EDIT: Sorry it's so long
@[member="Ayña Kottos"], yes, it is genetics. But this is also a discussion about cognitive ability, and since mules most usually combine many of the strengths attributed to the parent species including mental strength, it should make sense that two highly intelligent animals of differing but similar genetics could produce a creature even more intelligent, possibly to the point of sentience, than both contributing species.
Let's get hypothetical for an example.
Let's suppose that horses and donkey's have the same amount of intelligence. To represent the level of intelligence, lets compare it to human sentience as being 100%
To make the number's easy, let's say that both Horses and Donkey's are 50% intelligent, and due to my research, Mules are 60% intelligent.
If this were true, then lets take two creatures for example who are 90% intelligent, and due to the intellectual increase of a hybrid, the resulting infertile Mule would achieve sentience equal to that of a human, while the parents are non-sentient.
You may be saying however, that those are fairly close numbers, 90 and 100. But lets say that every 10% is obviously an increment of 100%, and thus to achieve the next 10% it requires an exponential increase. This means, that although the parent species would be very smart and bright animals, they would be comparable to a prodigal monkey, while the Mule would be comparable to a dull human/caveman. Not a huge leap but enough of a leap to make the difference between being an animal and going down the road of higher intelligence and civilization.
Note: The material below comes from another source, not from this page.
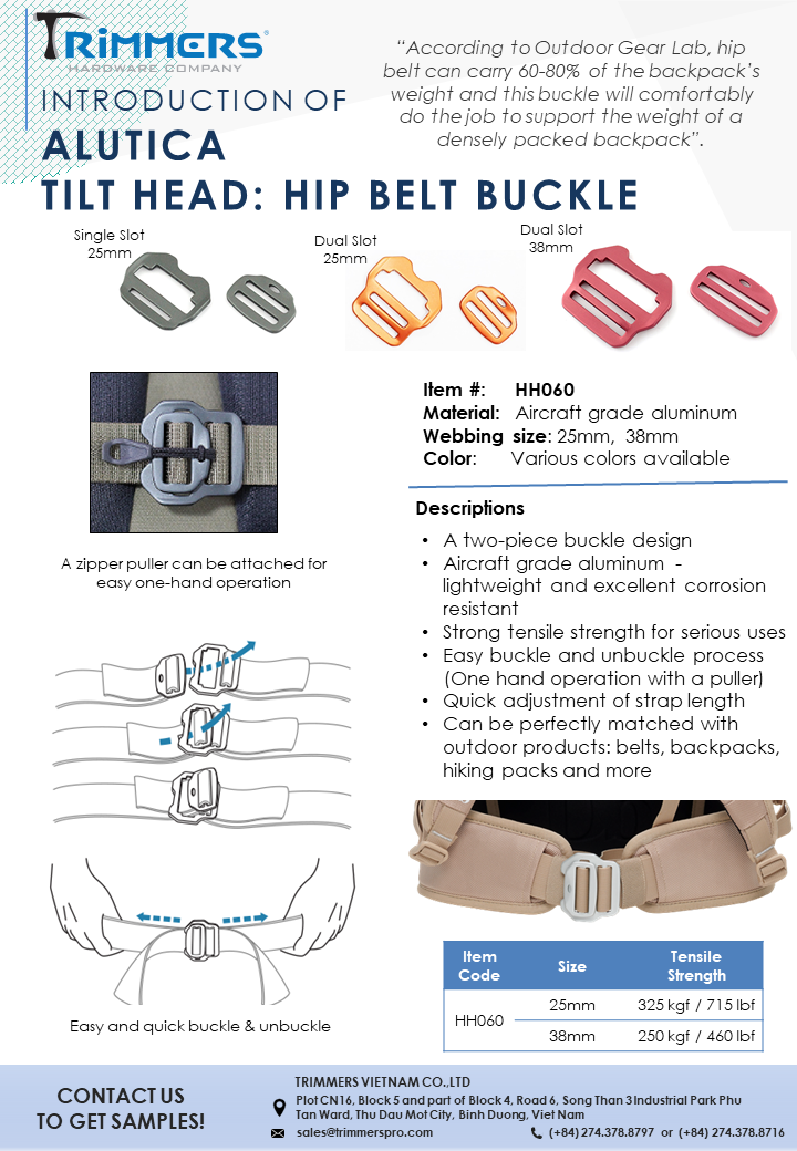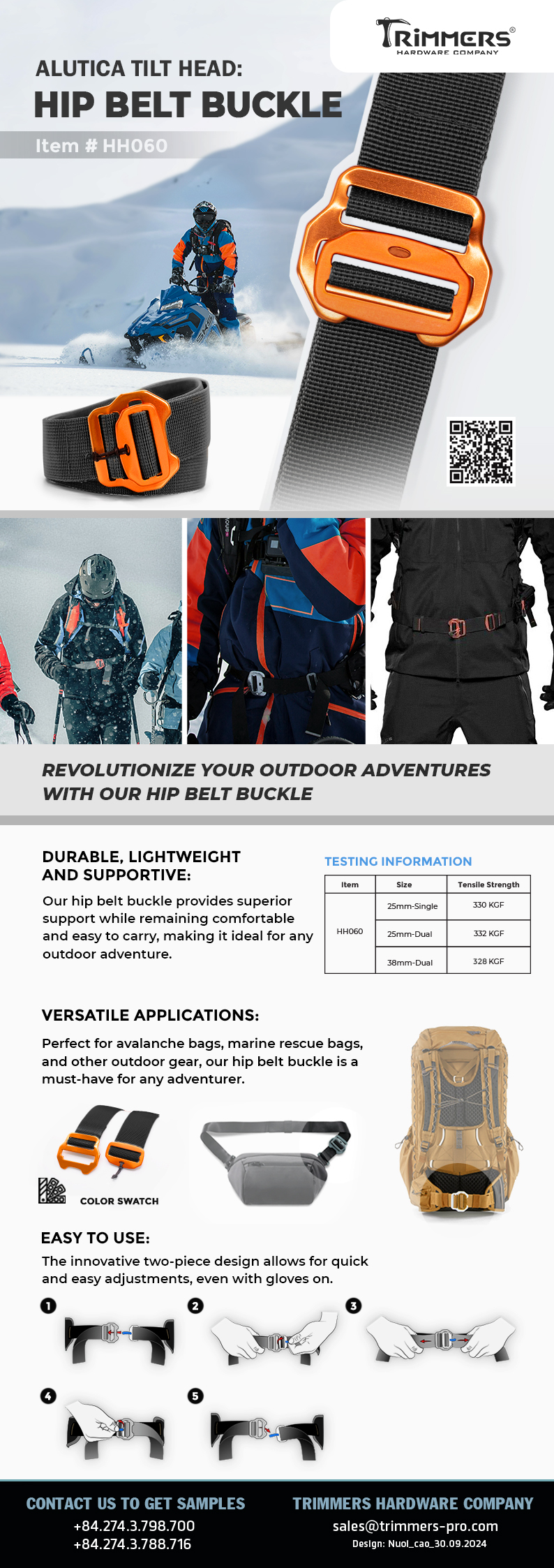Korean About usCompanyCompany IntroductionCompany ProfileCILocationBusinessBusiness InformationOffice & FactoryCore ValuesOur CustomersStrengthsQuality ControlMaterialDesign & DevelopmentNon-stop Production ProcessIntegrated Structural DesignNewsCompany NewsOversea ShowTrimmers Booth Position OROutdoor Friedrichshafen, DEOutdoor Winter Market 2016Outdoor Friedrichshafen, DEOutdoor Summer Market 2016Trimmers Booth Position OROutdoor Friedrichshafen, DEOutdoor Retailer + Snow ShowISPO Munich Show 2018ISPO Munich Show 20192019 Outdoor Retailer SnowISPO Munich Show Jun,2019Company ActivitiesProduct NewsRetractable HandleBottom Compartment SystemsWheelZipper PullerMetal ComponentPlasticFrameBlogTipsMachineryProductsTravel & GearBottom CompartmentXAD Bottom CompartmentCaliber SeriesEdge Bottom CompartmentMalibu SeriesLocomo SeriesAkita SeriesSuperlite seriesHybrid seriesSantana SeriesHybrid SeriesHJHASDAAll In One SystemsRecessed Spinner Wheel SeriesSpaceShip seriesFeatherLite seriesRetractable HandleAkitaLocomoCruiser seriesCaliber seriesHybrid seriesSpeedLite seriesSuperLite seriesLooperColeIbiza seriesMalibu seriesIce Breaker seriesSolsticeWheelMalibu SeriesAkita SeriesSantana Spinner WheelSpinner Wheel seriesLocomo WheelCruiser seriesCaliber seriesHybrid seriesSuperLite seriesSpeedLite seriesIceBreaker seriesBow TypeLoop seriesTradi seriesSolstice SeriesPlastic ComponentEnd Cap BuckleLadderLockCordLockWebbing TiePower StrapViper Power StrapCamlockPivot HookLoopTriglideD-RingFoot and RailTop / Side HandleProtector & Skid PlateFoot & RailTop HandleLogoLogo PlateSkid Plate & ProtectorProtectorSkid PlateTactical & SafetySide-release BuckleT8_LayerT9_ShieldBags & ApparelsMetal ComponentTension HookShorty Tension HookClip HookSnap HookD-RingTension RingTriglideTension LockToggleLoopWeb ButtonContinental DividerTrekking HolderSternum SliderPull TapCam Tension HookCamlockSR BuckleTent StakeAluminum RulerMetal End TapStructural FrameCarabinerCarabinerCarabinerT3T3 PROBeltBeltZipper PullerZipper PullerMetAstics™AluticaPlasticWeb HandleCamping & OverlandCommute CarrierSnow ShoesChairContactContact InfoHEADGERMANYITALIAKOREAJAPANUKISRAEL About usCompanyCompany IntroductionCompany ProfileCILocationBusinessBusiness InformationOffice & FactoryCore ValuesOur CustomersStrengthsQuality ControlMaterialDesign & DevelopmentNon-stop Production ProcessIntegrated Structural DesignNewsCompany NewsOversea ShowTrimmers Booth Position OROutdoor Friedrichshafen, DEOutdoor Winter Market 2016Outdoor Friedrichshafen, DEOutdoor Summer Market 2016Trimmers Booth Position OROutdoor Friedrichshafen, DEOutdoor Retailer + Snow ShowISPO Munich Show 2018ISPO Munich Show 20192019 Outdoor Retailer SnowISPO Munich Show Jun,2019Company ActivitiesProduct NewsRetractable HandleBottom Compartment SystemsWheelZipper PullerMetal ComponentPlasticFrameBlogTipsMachineryProductsTravel & GearBottom CompartmentXAD Bottom CompartmentCaliber SeriesEdge Bottom CompartmentMalibu SeriesLocomo SeriesAkita SeriesSuperlite seriesHybrid seriesSantana SeriesHybrid SeriesHJHASDAAll In One SystemsRecessed Spinner Wheel SeriesSpaceShip seriesFeatherLite seriesRetractable HandleAkitaLocomoCruiser seriesCaliber seriesHybrid seriesSpeedLite seriesSuperLite seriesLooperColeIbiza seriesMalibu seriesIce Breaker seriesSolsticeWheelMalibu SeriesAkita SeriesSantana Spinner WheelSpinner Wheel seriesLocomo WheelCruiser seriesCaliber seriesHybrid seriesSuperLite seriesSpeedLite seriesIceBreaker seriesBow TypeLoop seriesTradi seriesSolstice SeriesPlastic ComponentEnd Cap BuckleLadderLockCordLockWebbing TiePower StrapViper Power StrapCamlockPivot HookLoopTriglideD-RingFoot and RailTop / Side HandleProtector & Skid PlateFoot & RailTop HandleLogoLogo PlateSkid Plate & ProtectorProtectorSkid PlateTactical & SafetySide-release BuckleT8_LayerT9_ShieldBags & ApparelsMetal ComponentTension HookShorty Tension HookClip HookSnap HookD-RingTension RingTriglideTension LockToggleLoopWeb ButtonContinental DividerTrekking HolderSternum SliderPull TapCam Tension HookCamlockSR BuckleTent StakeAluminum RulerMetal End TapStructural FrameCarabinerCarabinerCarabinerT3T3 PROBeltBeltZipper PullerZipper PullerMetAstics™AluticaPlasticWeb HandleCamping & OverlandCommute CarrierSnow ShoesChairContactContact InfoHEADGERMANYITALIAKOREAJAPANUKISRAEL Company News Oversea ShowTrimmers Booth Position OROutdoor Friedrichshafen, DEOutdoor Winter Market 2016Outdoor Friedrichshafen, DEOutdoor Summer Market 2016Trimmers Booth Position OROutdoor Friedrichshafen, DEOutdoor Retailer + Snow ShowISPO Munich Show 2018ISPO Munich Show 20192019 Outdoor Retailer SnowISPO Munich Show Jun,2019Company Activities Product News Retractable HandleBottom Compartment SystemsWheelZipper PullerMetal ComponentPlasticFrame Blog TipsMachinery Alutica Tilt Head: Hip Belt Buckle PDF Download Other News Alutica Tilt Head: Bottle Opener Tension Lock (HH164) & Bottle Opener D-Ring (HH146) Item#: HH164 & HH146 T3 PRO_Loop Item#: HH235 T3 PRO D-ring (HH226) & T3 PRO Double D-ring (HH227) Item#: HH226 & HH227 T3 PRO (Shorty) Tension Hook Item#: HH228 & HH229 T3 PRO_Triglide Item#: HH321 T3 PRO_Webbing Toggle Item#: HH244 e-Catalogue HARDWARE OF TRAVEL & CAMPING 2024 HARDWARE OF BAGS & APPARELS 2024 METAL & PLASTIC COMPONENT T3 PRO_METAL COMPONENT (*) Required Information (*) Required Information (*) Required Information Download Product Highlights Metal / Plastic / Zip-pull P.7 Metal / Plastic / Zip-pull P.6 Metal / Plastic / Zip-pull P.5 Metal / Plastic / Zip-pull P.4 Metal / Plastic / Zip-pull P.3 Metal / Plastic / Zip-pull P.2 Metal / Plastic / Zip-pull P.1 Handles / Wheels / Hard shell P.3 Handles / Wheels / Hard shell P.2 Handles / Wheels / Hard shell P.1 Frame Flyers

The next item I brought up, was that if sentience is achieved by a mule, it will want reproduce regardless of it's infertility. Being just barely sentient, it would still be able to realize that it is different from the rest, and in addition to that, if it finds similar creatures of its kind (other mules produced in the same two interacting herds), it is likely that over time they could learn the science of breeding and domestication.
From there, they could breed the two species to create more mules. When something like a community forms, perhaps they'd even learn to breed the two individual species to grow into a specific trait, and thus pass it down to new Mules, making them even better. By existing in numbers due to the interaction of two different species they could effectively "evolve" themselves to a higher degree of sentience, and break the breach between near-animal to modern human sentience.
I will agree that the situation is highly unlikely, but I think it is within the real of possibility, maybe even under "real world" constraints.